Críticas AdoroCinema
4,5
Ótimo
Pelo Malo

Amores brutos

por Bruno Carmelo

O título deste drama desperta curiosidade: “Pelo Malo”, em espanhol, significa “cabelo ruim”. O nome não foi traduzido pelos distribuidores brasileiros, talvez para não remeter a qualquer ideia de preconceito. Mas o preconceito é justamente o tema desta bela obra venezuelana, não apenas contra o dito cabelo ruim, mas também contra a homossexualidade, a pobreza, as mulheres etc. Pelo Malo é, de certa forma, um filme sobre a dominação e a injustiça em sociedades pobres.

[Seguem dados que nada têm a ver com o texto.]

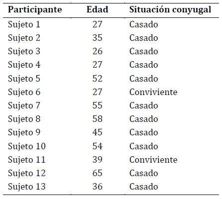 Los participantes pertenecen a los siguientes lugares: juntas de vecinos de Chillán; trabajadores del área administrativa de la Universidad del Bío-Bío de Chillán; y personas derivadas de conocidos. La población requerida para el estudio debió cumplir con los criterios de inclusión y exclusión correspondientes: ser hombres de veinticinco años o más, con educación media completa, que ejerzan el rol paterno, pertenecientes a una familia de tipo biparental, que mantengan una convivencia física cercana y habitual con su pareja e hijos, haber ejercido la paternidad al menos durante tres años y pertenecer a la zona urbana de Chillán. La lista de participantes puede visualizarse en la Tabla 1.

Por ser uma obra abertamente social, seu roteiro impecável consegue embutir, com grande naturalidade, as principais instituições que determinam os valores morais nas sociedades modernas: a família, a escola, o governo, a igreja. A diretora Mariana Rondón faz com que seus dois protagonistas transitem por todos esses núcleos em seu dia a dia: Marta (Samantha Castillo) é a mãe solteira de dois garotos, que mora em uma comunidade de classe baixa, e Júnior (Samuel Lange Zambrano) é o filho mais velho. Diferente dos colegas, o menino não gosta de futebol ou de armas, e prefere pentear o próprio cabelo, passear com as amigas de classe. A mãe não sabe como reagir à suspeita da homossexualidade do garoto, enquanto luta para reconquistar o emprego que perdeu, flertando com o antigo patrão.

A cineasta poderia fazer um retrato maniqueísta e fetichista da miséria, como já vimos dezenas de vezes nos cinemas, mas a história evolui de maneira verossímil e respeitosa. Rondón observa os protagonistas como parte de um grande sistema que se retroalimenta, e do qual é difícil sair. A mãe é agressiva e rejeita o garoto por ser gay, mas ao mesmo tempo vai ao médico duas vezes para perguntar se o menino não teria alguma doença que o leva a ser “diferente”. Existe amor nesta relação, mas é um amor bruto, deslocado, imperfeito. Quando Marta ameaça cortar os cabelos do filho, de que ele tanto gosta, ela não o faz por ódio, mas por acreditar, em sua ignorância, que é possível “corrigir” a orientação sexual do menino.

Aliás, na época em que se debate na mídia o beijo gay, as pesquisas sobre “mulheres que merecem ser estupradas”, a “ideologia de gênero” e outros termos complexos, Pelo Malo surge como ótimo material de reflexão. A história consegue provocar de maneira inteligente (ou seja, sem buscar a simples polêmica) algumas ideias convencionais sobre “ser homem”, “ser mãe”, “ser mulher” etc. Júnior afirma a sua virilidade confrontando a mãe, embora o desejo de ter cabelos lisos seja visto como algo feminino (e, portanto, perigoso). Já Marta sai com vários homens e não hesita a fazer sexo com o patrão para voltar ao emprego (contrariando o ideal de dona de casa recatada). O garoto sonha em ter uma profissão contrária à imagem de masculinidade (ele deseja cantar e dançar), já a profissão de Marta vai de encontro com a imagem de delicadeza feminina (ela é uma vigia bruta e agressiva).

Rondón consegue dividir o ponto de vista desta história entre a mãe e o garoto. Enxergamos o mundo pelos olhos dos dois, e essa opção ética da cineasta é fundamental para que ninguém se transforme em monstro ou vítima. Compreendemos os esforços tolos e tortos de ambos, porque eles são incapazes de compreender o mundo um do outro. O visual do filme, repleto de imagens subjetivas, aproxima o público desta família em crise, mostrando os vizinhos, os amigos do bairro, a vida nas favelas como se o espectador fizesse parte do contexto. Raros filmes conseguem explorar o espaço de maneira tão eficaz – algo particularmente importante em uma obra social. Já os dois atores contribuem à noção de naturalidade da fotografia e dos enquadramentos, com atuações impecáveis, tanto de Castillo, que possui uma personagem dificílima em mãos, quanto do jovem Zambrano, um verdadeiro achado da direção.

Pelo Malo acaba sendo um filme carinhoso sobre pessoas brutas. É uma obra fascinada pelos indivíduos e pelas escolhas que fazem, pelo jeito como vivem, como trabalham, como amam. Neste sentido, a conclusão, tão cruel quanto inevitável, serve para cutucar os preconceitos do público. Depois de permitir que o espectador conheça Marta e Júnior e torça por eles, fica difícil condená-los pela dura decisão que tomam. Os dois são frutos de uma estrutura maior, injusta e opressiva, e o filme assume seu viés político ao destrinchar, de maneira astuciosa, as derivas da tradição e dos bons costumes.